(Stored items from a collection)
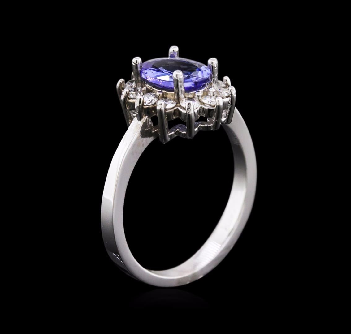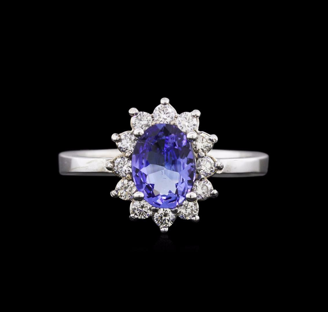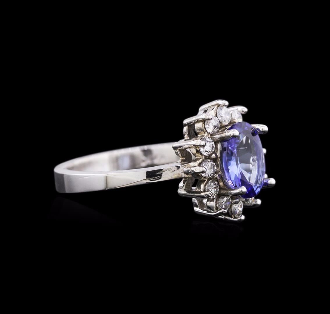 One ring featuring: 14KT white gold weighing 3.76 grams containing one tanzanite center stone with a total weight of 1.06ct and 12 diamonds with a total weight of 0.33ct.
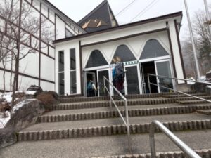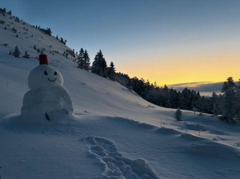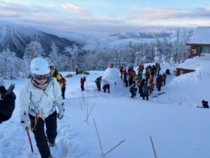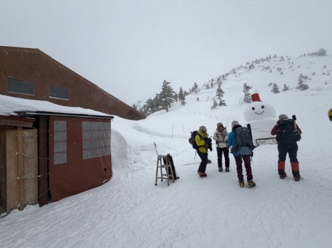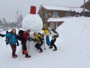 ■駅から約90分 西穂高山荘到着 雪ダルマ出迎え
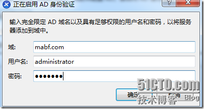 2、在启用AD身份验证的对话框中输入域名和域的管理员。
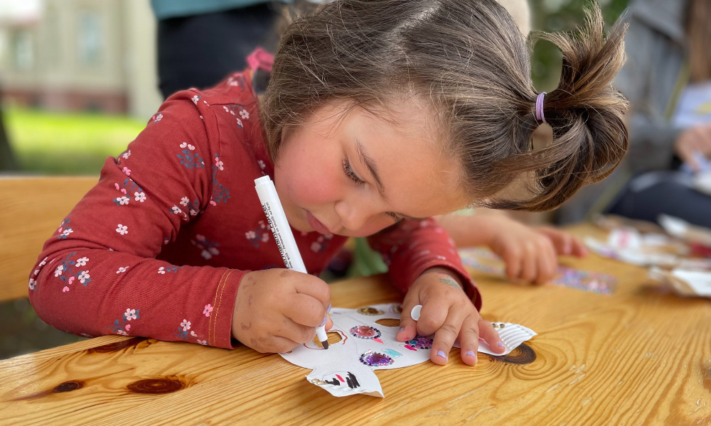 Zusammen mit den Kindern bastelten wir Tiermasken auf dem Sommerfest (C) Naturpark Dübener Heide, Claudia Evers
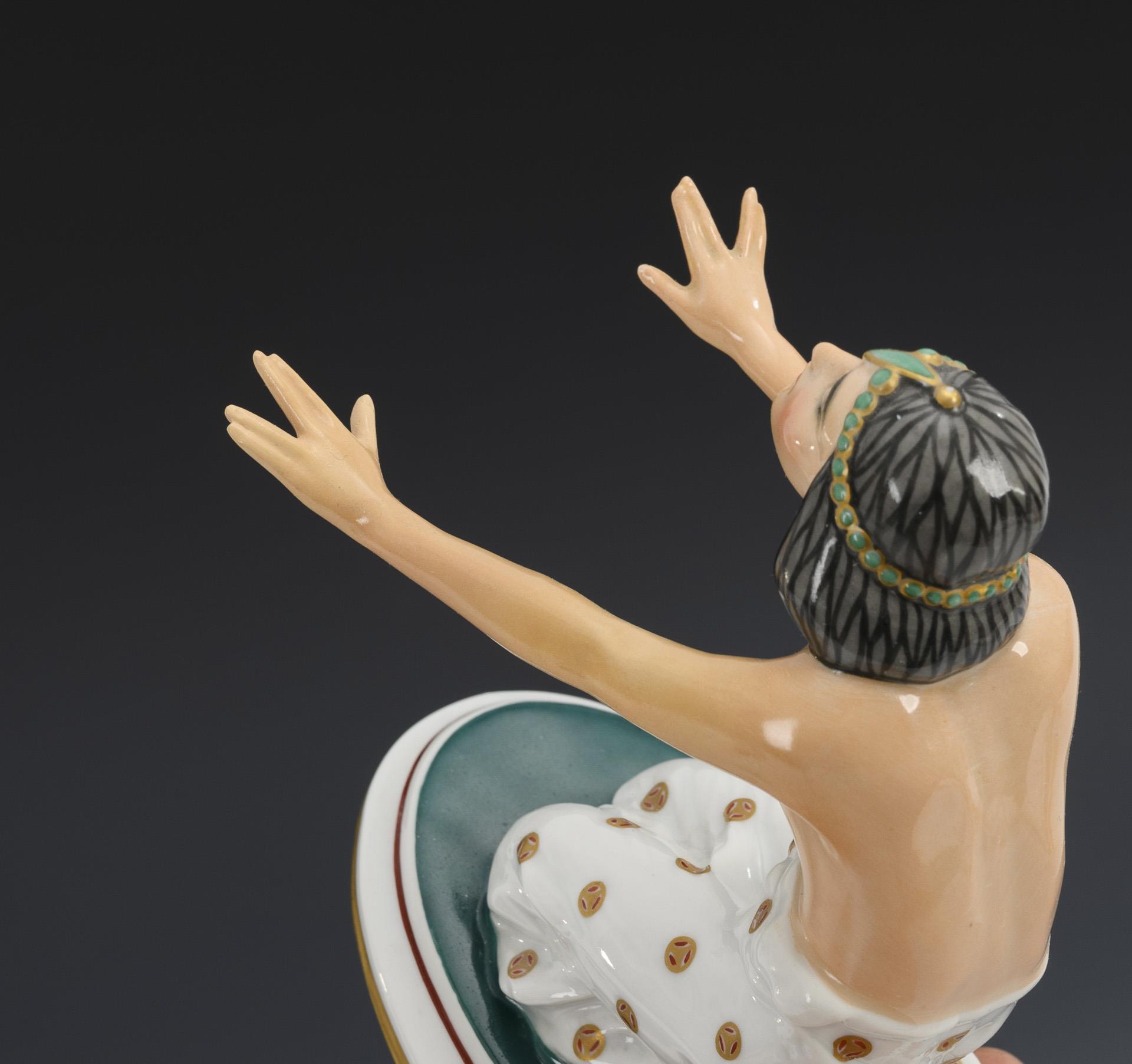 1x model no. K 442: A young woman playing the flute on a rectangular plinth in front of a "dancing" snake (h 19 cm). / 1x model no. K 437: A kneeling half nude of a young woman stretching out her arms on an oval plinth. With wooden base (h 14 cm, total h 18 cm). 3 fingers and shawm of the snake dancer restored, both arms and upper body of the Indian dancer restored.
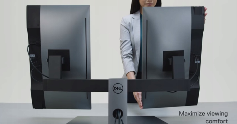 Подставка позволяет независимо регулировать высоту и угол наклона обоих мониторов. Каждую панель можно поднять на 130 мм и повернуть на 90 ° в любом направлении для вертикальной ориентации, что упрощает просмотр веб-сайтов и прокрутку экранов приложений.

[Task prompt] Copy the data word for word, no pictures.

[Answer for the task]
 One ring featuring: 14KT white gold weighing 3.76 grams containing one tanzanite center stone with a total weight of 1.06ct and 12 diamonds with a total weight of 0.33ct.
 ■駅から約90分 西穂高山荘到着 雪ダルマ出迎え
 2、在启用AD身份验证的对话框中输入域名和域的管理员。
 Zusammen mit den Kindern bastelten wir Tiermasken auf dem Sommerfest (C) Naturpark Dübener Heide, Claudia Evers
 1x model no. K 442: A young woman playing the flute on a rectangular plinth in front of a "dancing" snake (h 19 cm). / 1x model no. K 437: A kneeling half nude of a young woman stretching out her arms on an oval plinth. With wooden base (h 14 cm, total h 18 cm). 3 fingers and shawm of the snake dancer restored, both arms and upper body of the Indian dancer restored.
 Подставка позволяет независимо регулировать высоту и угол наклона обоих мониторов. Каждую панель можно поднять на 130 мм и повернуть на 90 ° в любом направлении для вертикальной ориентации, что упрощает просмотр веб-сайтов и прокрутку экранов приложений.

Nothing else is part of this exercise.